Nokia Unveils a Maps Service - sravfeyn
http://www.here.com
Related article http://www.technologyreview.com/news/507186/nokia-unveils-a-map-service-that-lives-in-the-cloud/
======
aw3c2
_a Maps Service that Lives in the Cloud_

What does that mean? Honestly, I do not understand it. Name-dropping the
"cloud"? Is that meant to be negative or positive? Any big map service is
bound to run on multiple redundant machines, isn't that the cloud?

Seeing
[http://static.here.sc/maps/39568/core/features/intropage/img...](http://static.here.sc/maps/39568/core/features/intropage/img/shots/around-
here.png) I cringe. Measuring distances like that does not work in the field,
you can almost never walk in a straight line. Distances must be calculated by
appropiate means of travel, eg streets for cars/bicycles or ways and walkable
areas for pedestrians. Somewhere at Nokia a team of cartographers must be
sobbing into their glasses of beer.

Looking at random places I know, I can debunk their claim of "Most accurate
map". OpenStreetMap is more accurate at those. (Anecdote!)

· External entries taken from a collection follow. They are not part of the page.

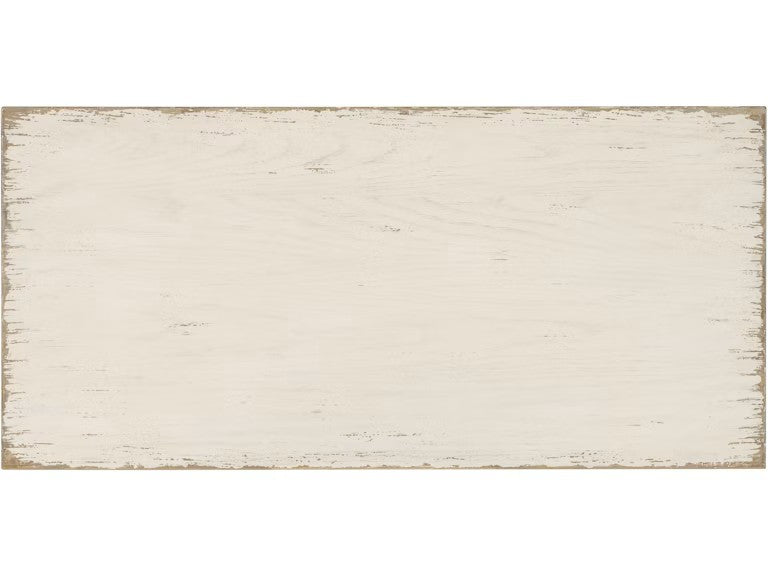 Finishes: The Americana Daisy finish is a time worn white finish on cathedral oak veneers representing the natural wear one might expect of pieces passed down through the family over time revealing the rich oak character beneath. Metal alloy knob pulls in an antique bronze finish.
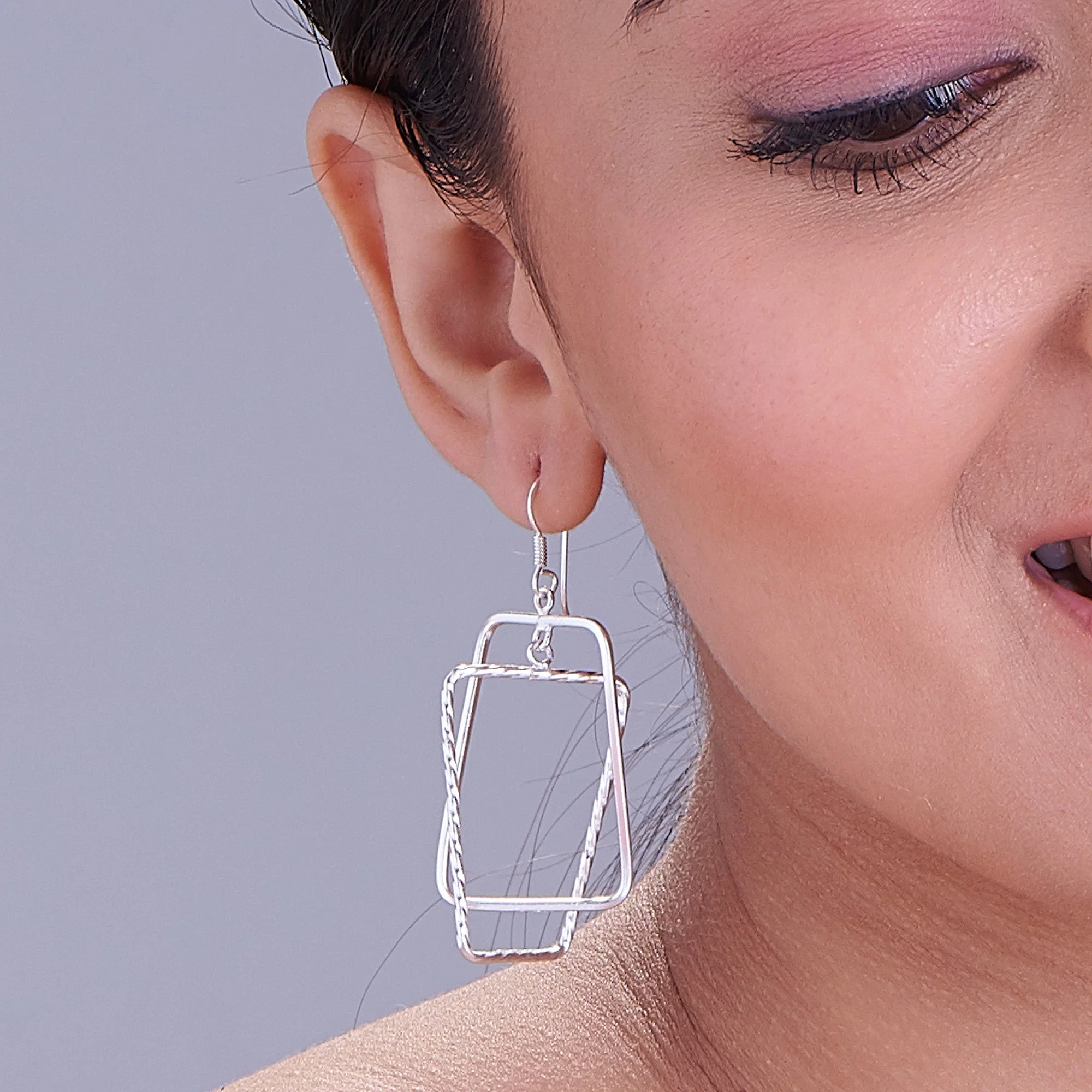 Assymetric Rectangle 925 Sterling Silver Earrings
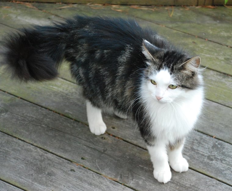 Alle bena hennes er hvite og hun har litt "grønne" øyner. Hun er også hvit fremme på brystet. Hun er ikke så veldig kraftig og er ellers veldig kjælen men har også litt "jakt" instinkter.
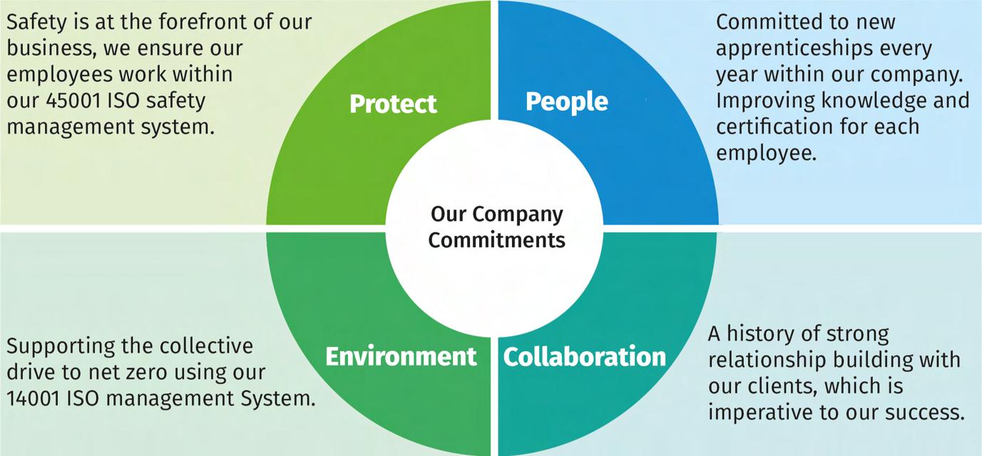 Health and safety performance is continually monitored through improvement plans, audit programmes and regular inspections that are supplemented by the accreditations we maintain including ISO 45001 and Safety Schemes in Procurement (SSIP). We understand that the quality of our work has a direct bearing on our reputation. We’re committed to supplying a service that meets and exceed our client's quality andsafetyrequirements.

This leads to my next critic. They want people fix/enhance the map data for
them. But then it is NOT _shared_ back, only as map image. The data stays with
Nokia and you probably cannot even export your own contributions. Same as
Google really.

Adding "social" to a map service is a great idea. I was always wondering why
none of the big players did that.

The 3D stuff is amazing.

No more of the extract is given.